Record set:
---

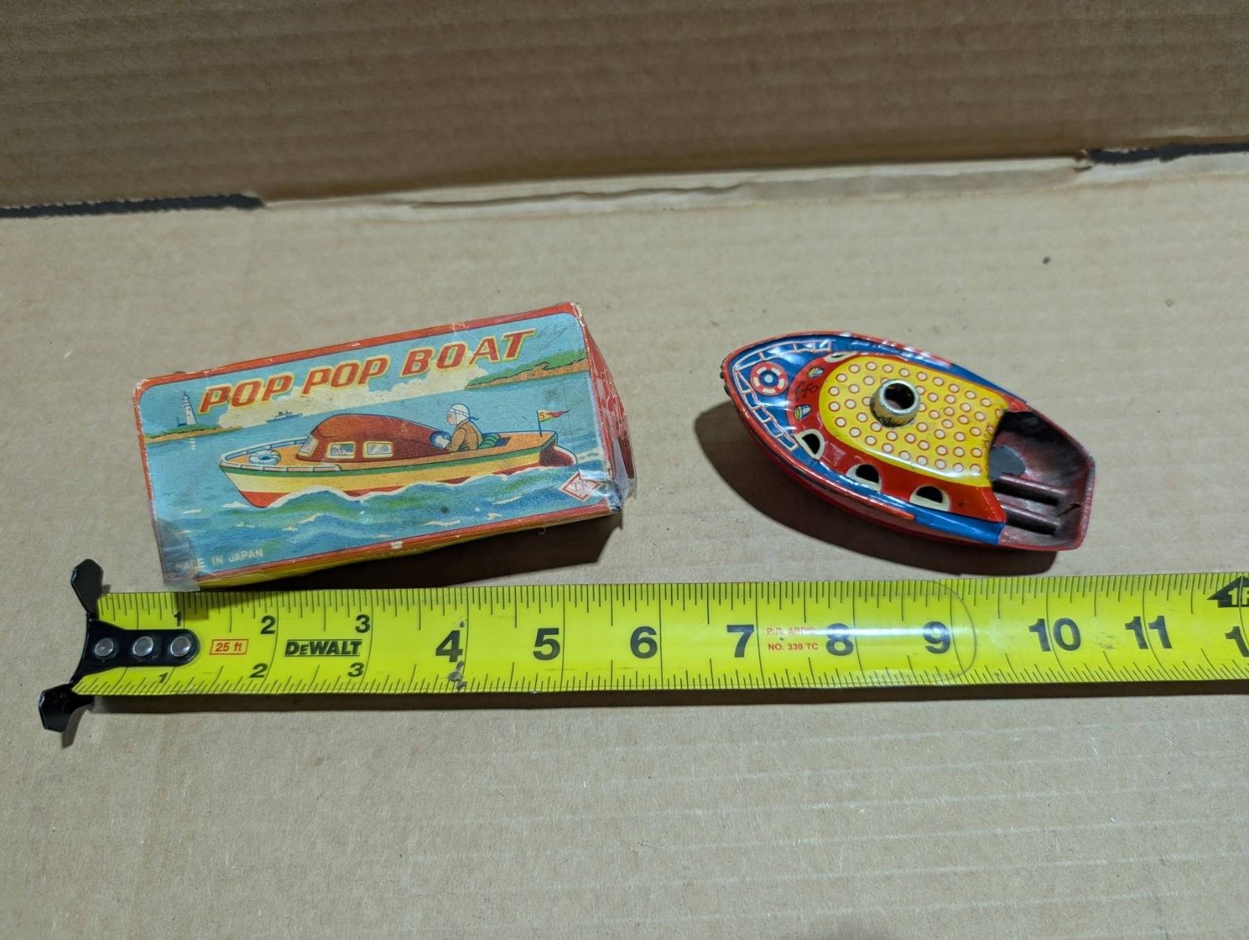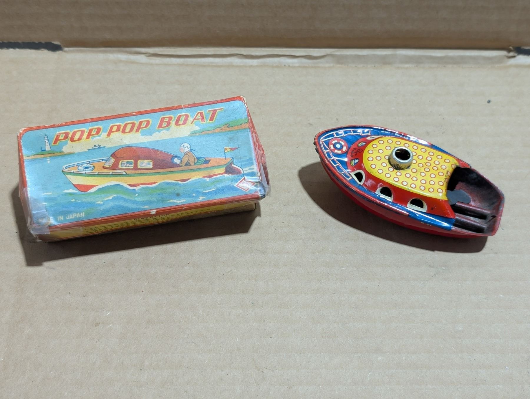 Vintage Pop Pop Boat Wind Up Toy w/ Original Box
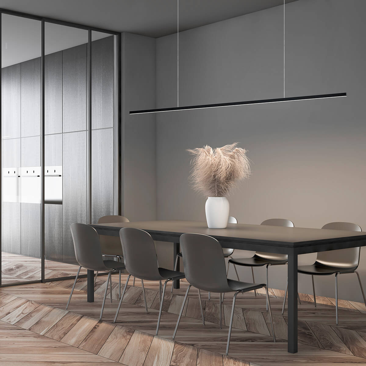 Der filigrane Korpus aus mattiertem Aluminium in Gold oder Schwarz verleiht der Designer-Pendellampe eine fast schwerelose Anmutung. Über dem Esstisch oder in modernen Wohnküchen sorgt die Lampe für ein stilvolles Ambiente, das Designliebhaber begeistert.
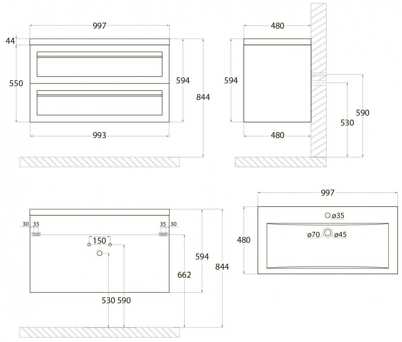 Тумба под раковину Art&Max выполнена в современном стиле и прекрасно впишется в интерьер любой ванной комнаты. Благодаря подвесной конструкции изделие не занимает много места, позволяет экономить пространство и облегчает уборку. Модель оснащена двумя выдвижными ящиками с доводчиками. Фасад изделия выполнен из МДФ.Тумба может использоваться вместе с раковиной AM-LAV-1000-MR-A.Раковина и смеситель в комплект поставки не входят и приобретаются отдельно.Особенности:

---

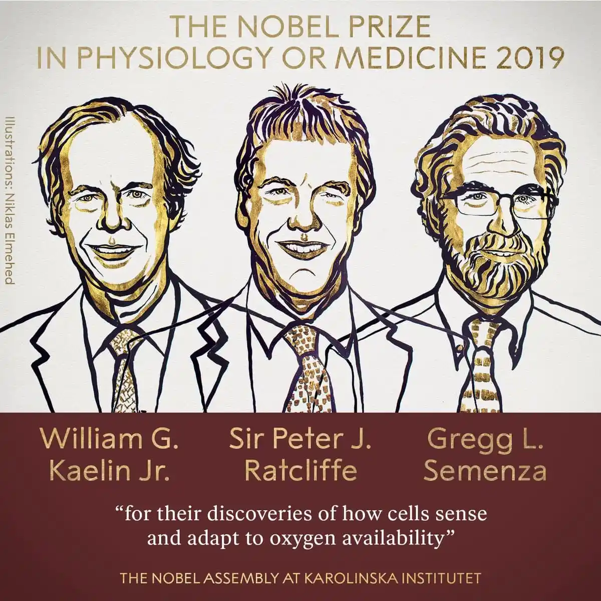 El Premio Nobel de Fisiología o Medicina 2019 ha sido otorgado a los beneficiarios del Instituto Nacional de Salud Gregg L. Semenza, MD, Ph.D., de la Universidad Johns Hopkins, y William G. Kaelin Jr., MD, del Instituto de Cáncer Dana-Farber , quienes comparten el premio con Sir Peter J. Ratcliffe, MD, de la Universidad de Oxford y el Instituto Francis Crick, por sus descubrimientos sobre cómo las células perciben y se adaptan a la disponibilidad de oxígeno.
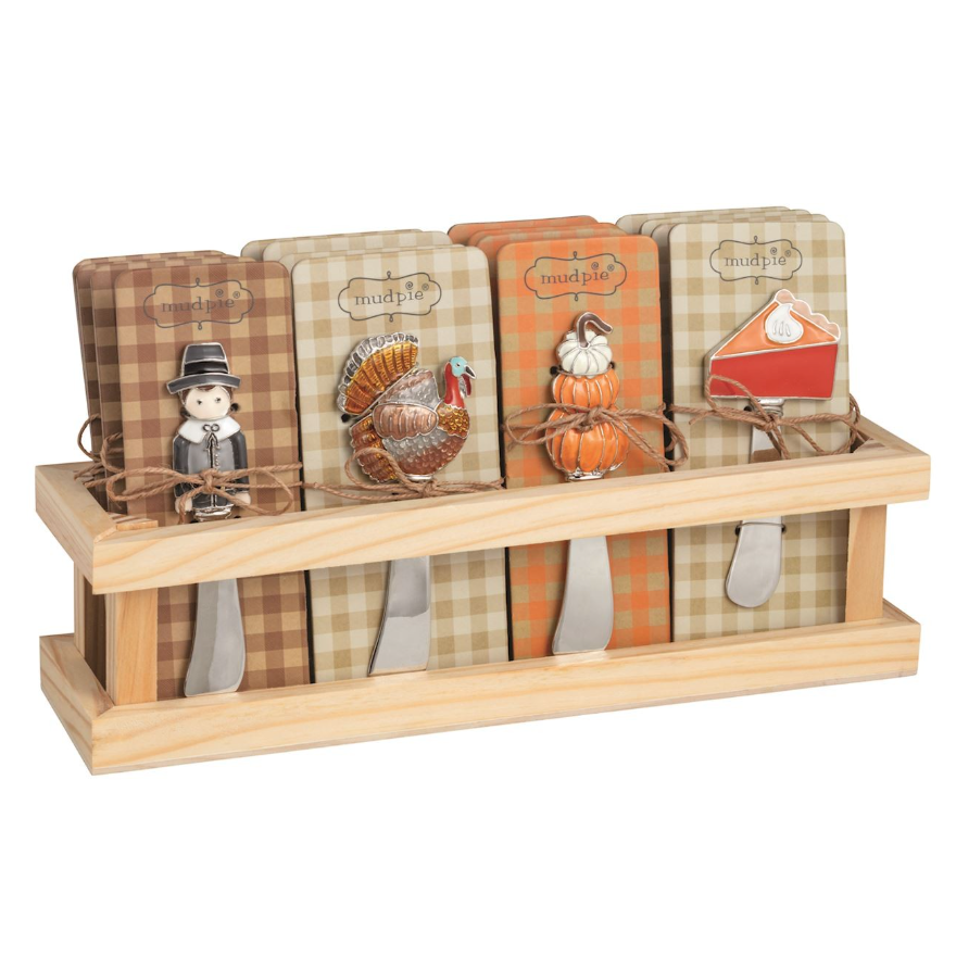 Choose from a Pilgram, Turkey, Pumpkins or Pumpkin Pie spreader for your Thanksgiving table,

---

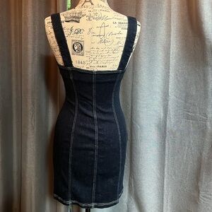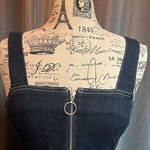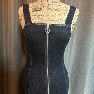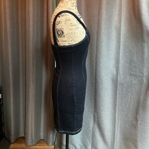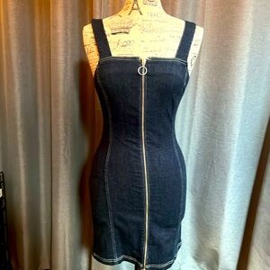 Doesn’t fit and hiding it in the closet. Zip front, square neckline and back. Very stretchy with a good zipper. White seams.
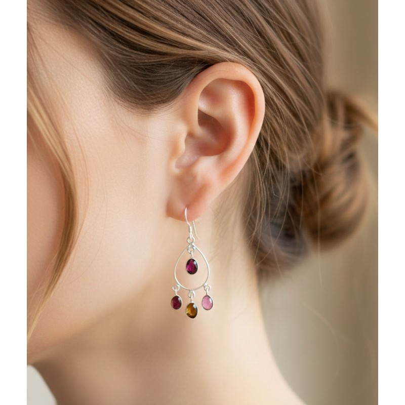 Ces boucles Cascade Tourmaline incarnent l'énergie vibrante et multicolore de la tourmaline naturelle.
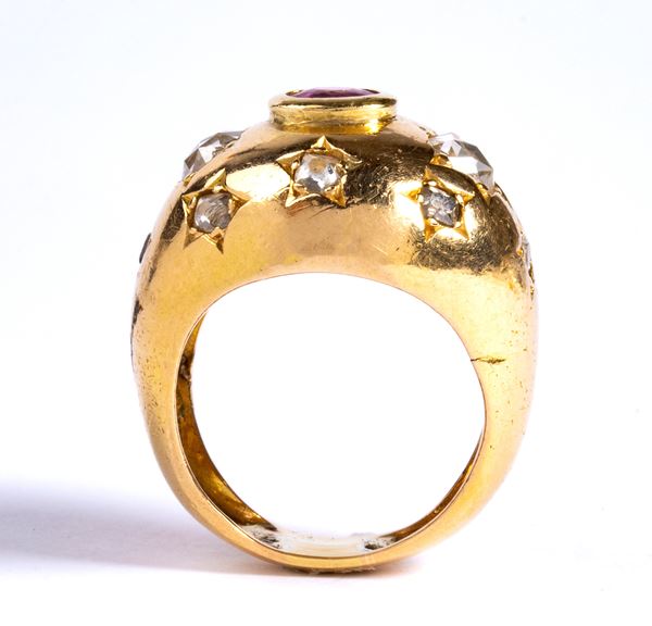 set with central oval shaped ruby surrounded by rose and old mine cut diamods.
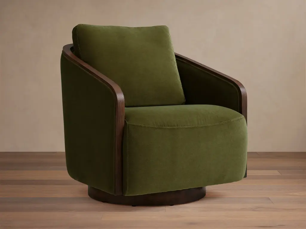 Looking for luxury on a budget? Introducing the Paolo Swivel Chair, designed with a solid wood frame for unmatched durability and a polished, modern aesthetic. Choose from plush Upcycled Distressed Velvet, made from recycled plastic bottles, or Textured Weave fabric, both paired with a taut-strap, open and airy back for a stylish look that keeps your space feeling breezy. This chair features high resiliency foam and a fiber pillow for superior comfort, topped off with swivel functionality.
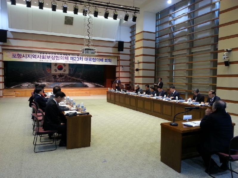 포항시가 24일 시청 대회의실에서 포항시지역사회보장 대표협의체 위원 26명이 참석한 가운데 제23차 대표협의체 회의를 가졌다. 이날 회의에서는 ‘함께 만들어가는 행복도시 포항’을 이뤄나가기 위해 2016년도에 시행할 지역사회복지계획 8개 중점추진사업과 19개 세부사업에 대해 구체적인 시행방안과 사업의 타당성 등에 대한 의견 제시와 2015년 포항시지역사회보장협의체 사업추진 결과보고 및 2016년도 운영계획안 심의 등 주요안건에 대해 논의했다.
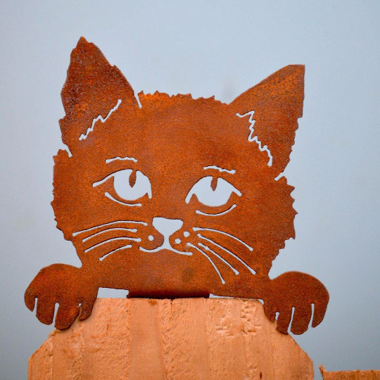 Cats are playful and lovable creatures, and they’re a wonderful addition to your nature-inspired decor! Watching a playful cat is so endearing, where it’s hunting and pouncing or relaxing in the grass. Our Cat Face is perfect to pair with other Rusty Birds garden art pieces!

---

Task objective: Each line from the one that contains "Vintage Pop Pop" down to the one that contains "Der filigrane Korpus" is to be returned exactly as it stands above, both ends included, with pictures removed.

Answer to the problem:
 Vintage Pop Pop Boat Wind Up Toy w/ Original Box
 Der filigrane Korpus aus mattiertem Aluminium in Gold oder Schwarz verleiht der Designer-Pendellampe eine fast schwerelose Anmutung. Über dem Esstisch oder in modernen Wohnküchen sorgt die Lampe für ein stilvolles Ambiente, das Designliebhaber begeistert.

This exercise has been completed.